Supporting DORA Metrics

A well-built platform directly supports the four DORA metrics that measure software delivery performance: deployment frequency (how often you ship), lead time for changes (how long from commit to production), change failure rate (how often deployments cause incidents), and mean time to recovery (how fast you bounce back from failures). Self-service provisioning and golden path templates improve lead time. Automated guardrails and standardised pipelines reduce change failure rate. Built-in observability and rollback capabilities cut recovery time. The platform doesn't just make developers faster - it makes the entire delivery pipeline more reliable. Tracking DORA metrics before and after platform adoption is one of the clearest ways to demonstrate its value to leadership.

Zepto, an Indian delivery company, tracked onboarding time for new microservices. Before their platform: two days of manual CI/CD configuration, frequent misconfigurations, and dependency on the ops team. After: ten minutes, fully automated, zero ops involvement. That's the kind of before-and-after measurement that makes the value undeniable.

Key Takeaway

The shift to self-service platforms isn't about adopting a specific framework or building a flashy portal. It's about recognising that the traditional ops model - where developers wait for a small team to process their requests - doesn't scale, and building something better.

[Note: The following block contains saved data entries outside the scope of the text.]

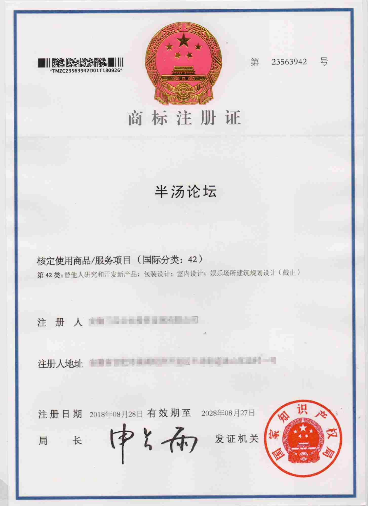 第42类“半汤论坛”商标注册证
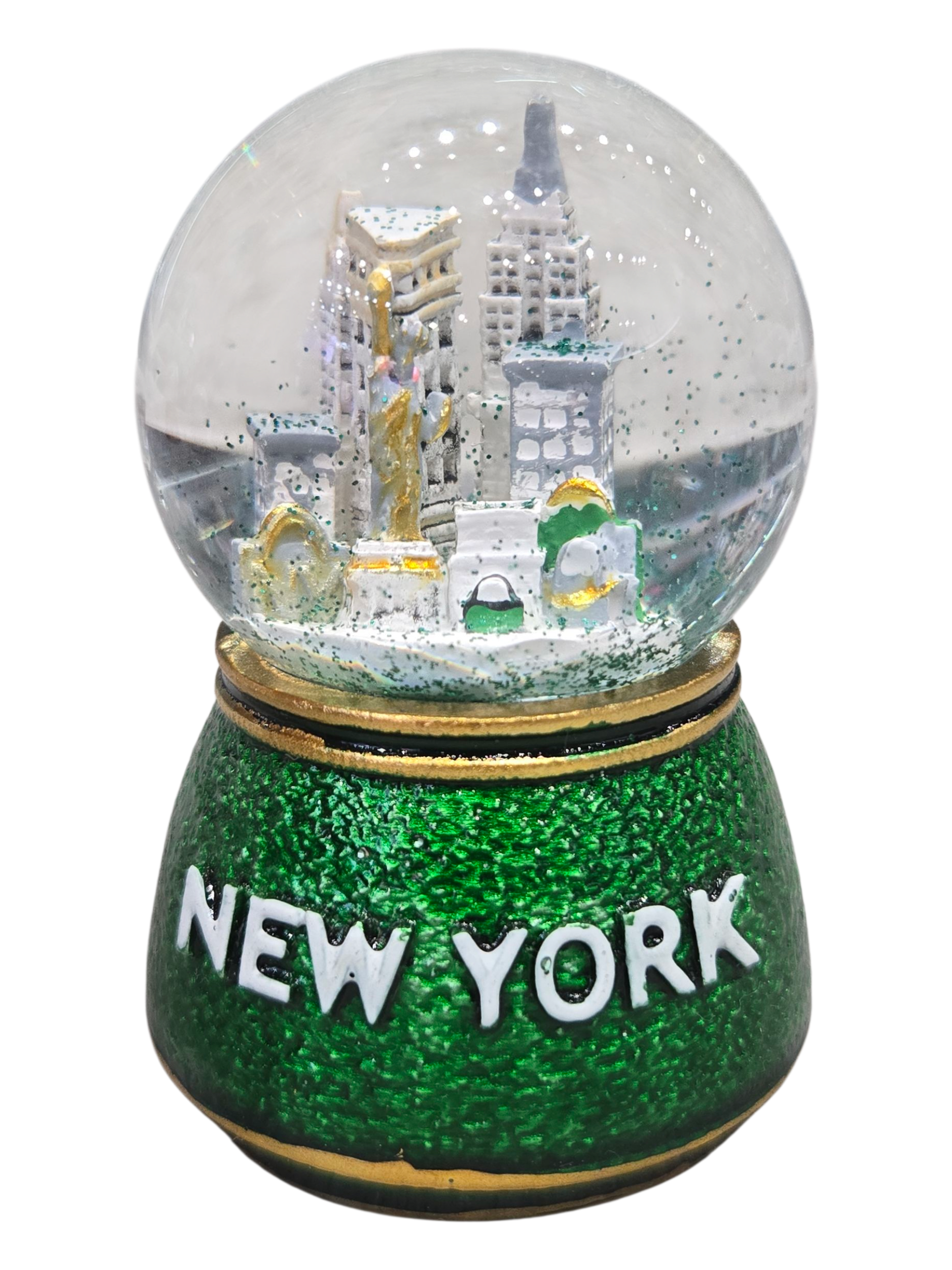 Shake up New York City whenever you want with the NY Shopping 45mm Snowglobe in Christmas green. It features a New York themed quilted shopping base in balck and gold with vintage gold colored NY icons inside the globe. Instead of snow, this snowglobe features gold colored glitter.
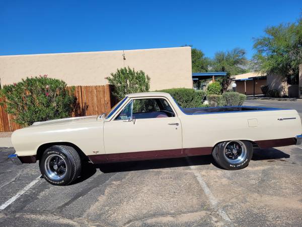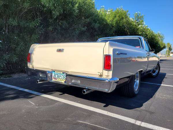 Selling my el camino that I have had for 15 years. These are some improvements I have made. Rebuild 350 crate engine in 2016. Rebuild transmission 2016. Still runs great. Lots of Edelbrock stuff. 4 barrel carb, head covers, air filter. Rebuilt gear box. New 2 tone paint 2018. Wheels Cragars, tires bf Goodrich. New front disc brakes 2019. Ponchos redid upholstery 2017. Original bench seat, door panels, head liner. Newer battery, distributor, starter, water pump. New exhaust 2019. Both bumpers. Modern stereo, retro sound. Wifi. Chrome excellent, all original badge. Very cool ride. Doesn't work, clock, gas gauge
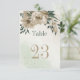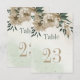 Unique table number card featuring romantic champagne flowers and green leaves.
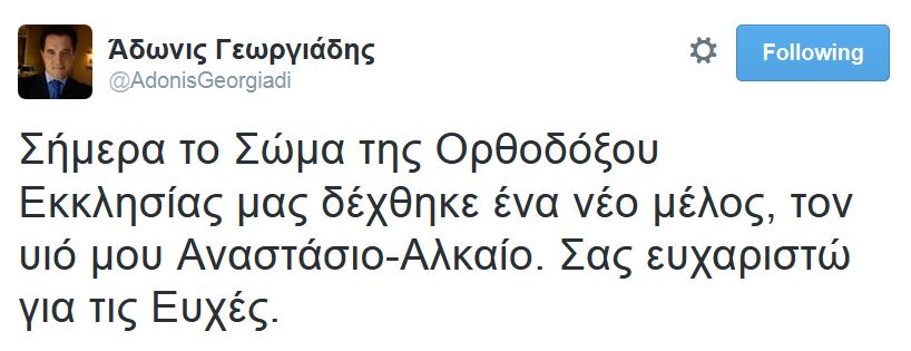 Τον γιο του βάφτισε σήμερα ο Άδωνις Γεωργιάδης. Το ευχάριστο γεγονός ανακοίνωσε ο ίδιος μέσω Twitter.
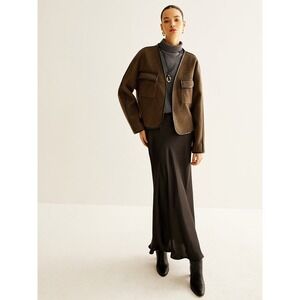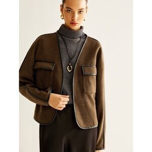 Fit Type: Regular Fit Elevate your everyday look with this sophisticated wool-blend jacket. The tailored boxy silhouette lends a modern, chic aesthetic, while the rich brown hue exudes understated elegance. Note the meticulously crafted leather trim outlining the open neckline, adding a touch of luxury and refinement. Two front patch pockets offer both visual appeal and practical functionality. The jacket drapes beautifully and is easy to dress up or down. Pair it with tailored trousers for a polished office ensemble, or throw it over a silk camisole and jeans for a night out.
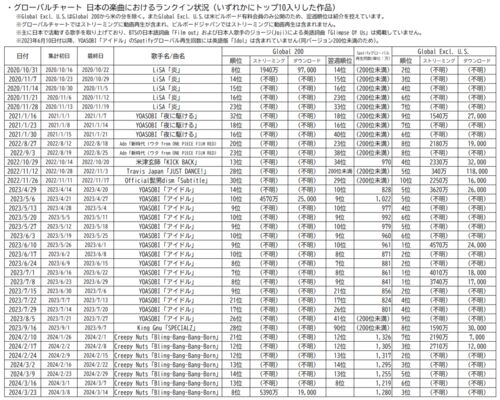 米ビルボードが2020年に新設したグローバルチャート、最新3月23日付においてCreepy Nuts「Bling-Bang-Bang-Born」がGlobal 200で13→8位、Global 200から米の分を除くGlobal Excl. U.S.では6→3位に上昇しています。 This week's #Global200 top 10 (chart dat…
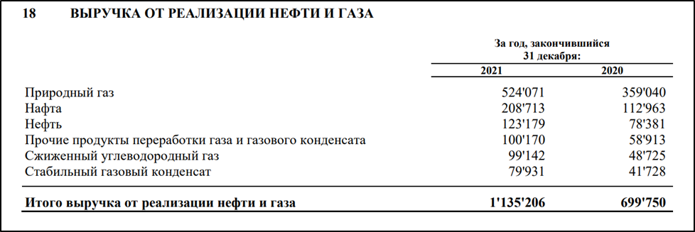Посмотрим на структуру выручки. 524 млрд или 46% выручки приходилось на реализацию природного газа, а 54% или 611 млрд принесли продажи жидких углеводородов (все остальные строки в таблице).

Start thin. Automate the one or two workflows that generate the most tickets. Build a CLI that developers can use from their terminal. Add a portal when you need discoverability and visibility. Treat the platform like a product - talk to your users, measure what matters, and iterate based on feedback, not assumptions.

And resist the urge to build everything at once. The thinnest viable platform that solves real problems today is worth infinitely more than the perfect platform that's still being designed six months from now. Ship something small, prove it works, and grow from there.

A note: I can see we are fundamentally changing the way we build and use software with the rise of agentic tools. Taking inspiration from Claude Code and the concepts built around it, I'm currently experimenting on building better interfaces for developers. Will update this blog based on the outcomes of that.